Creating a Glossary

Create a well-structured glossary of domain terms from a source document (requirements, spec, etc.) through collaborative refinement with the user.

When to Use

•User asks to create a glossary, term list, or domain vocabulary
•User wants to extract and define terms from a requirements or design document

Process

mermaid

flowchart TD
    A[Read source document] --> B[Clarify preferences]
    B --> C[Extract terms]
    C --> D[Categorize terms]
    D --> E[Write glossary]
    E --> F[Review against source]
    F --> G{All terms covered?}
    G -- yes --> H([Done])
    G -- "no, add missing" --> C

1. Clarify Preferences

Ask the user one question at a time about:

Question	Options	Why it matters
Language	Source doc language, user's language, bilingual	Determines readability for target audience
Audience	Developers, users, both	Affects definition depth and jargon level
Scope	Domain-only, +platform concepts, +general tech terms	Prevents bloat or gaps
Entry format	Definition only, +examples/snippets, +requirement refs	Drives entry structure
Ordering	Alphabetical, by category, category+alpha	Affects discoverability

Prefer multiple choice questions. Skip questions with obvious answers from context.

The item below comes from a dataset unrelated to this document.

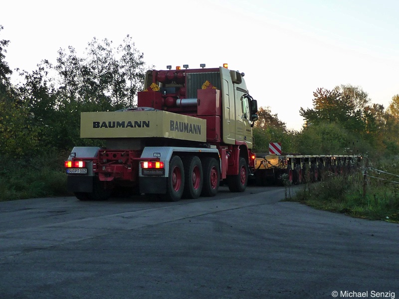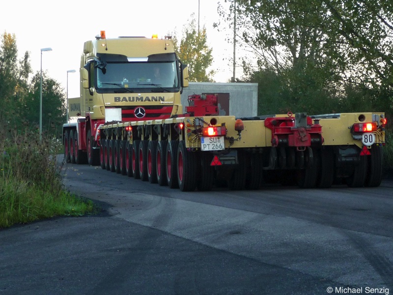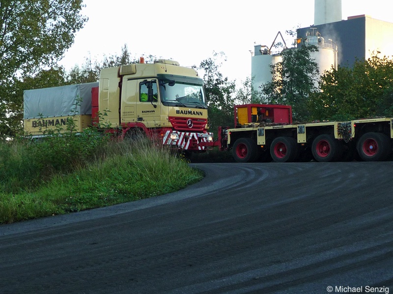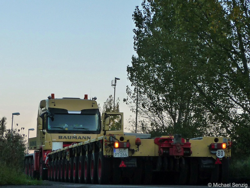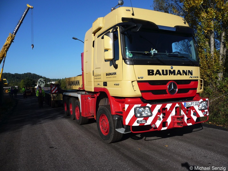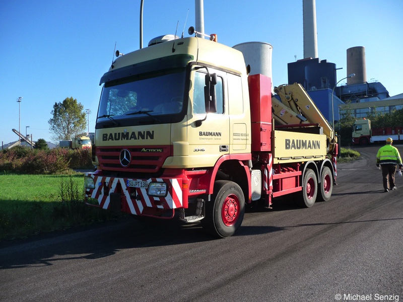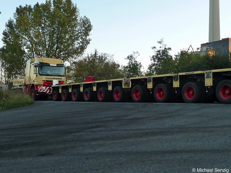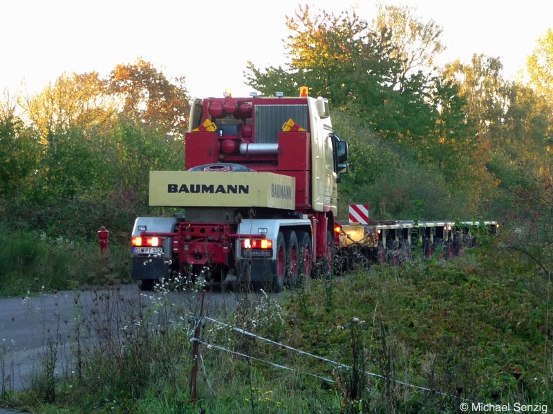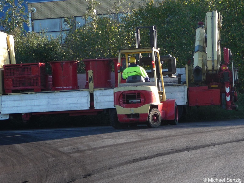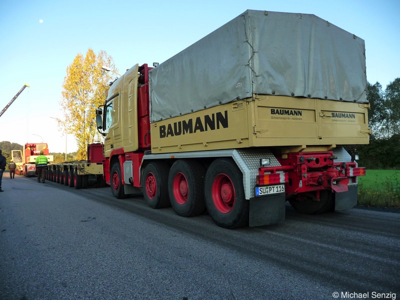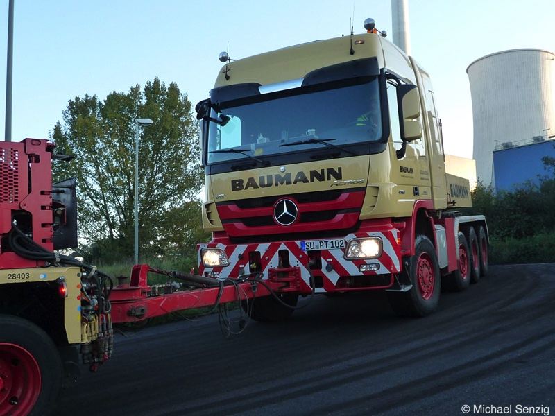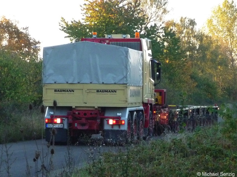 Am 15.10.2010 wurden im Saarland auf dem Gelände der Firma VSE zwei Trafos per Ponton-Schifff "angeliefert". Auf dem Ponton der Firma van der Wees aus dem niederländischen Dordrecht standen beide Trafos auf "Elefantenfüßen". Deswegen war für die Verladung kein Kran nötig. Es konnte einfach unter die Ladung gefahren werden. Michael Senzig hat einen Teil der Aktion beobachtet und fotografiert.

2. Extract Terms Systematically

Walk through every section of the source document. For each section, identify:

•Named concepts (capitalized or explicitly defined)
•Configuration keys and values
•Distinct states or modes
•Platform/framework concepts used in domain-specific ways

Avoid over-extraction: Not every noun is a glossary term. Apply these filters:

•Merge closely related concepts into one entry (e.g., "Default Error Behavior" + "Per-Node Error Behavior" → "Error Behavior")
•Skip terms that are self-explanatory to the agreed audience
•Skip implementation details and architectural internals unless the user specifically requested them
•When in doubt, propose the term list to the user before writing definitions

Completeness check: Create a coverage matrix mapping source sections to extracted terms. Every section should contribute at least one term or be explicitly marked as "no domain terms."

3. Categorize

Group terms into 3-7 categories based on the domain structure, not alphabetically. Category names should reflect the domain (e.g., "Node Types", "Data Flow") not generic labels (e.g., "Concepts", "Terms").

If you find yourself exceeding 7 categories, merge related ones (e.g., "Error Handling" + "Execution" → "Execution"). Too many categories fragments the glossary and reduces scannability.

4. Write the Glossary

File format: Markdown with ## category headings and ### term entries.

markdown

# GLOSSARY

Brief description of the glossary's purpose and audience.

## Category Name

### Term Name

Definition in 1-2 sentences.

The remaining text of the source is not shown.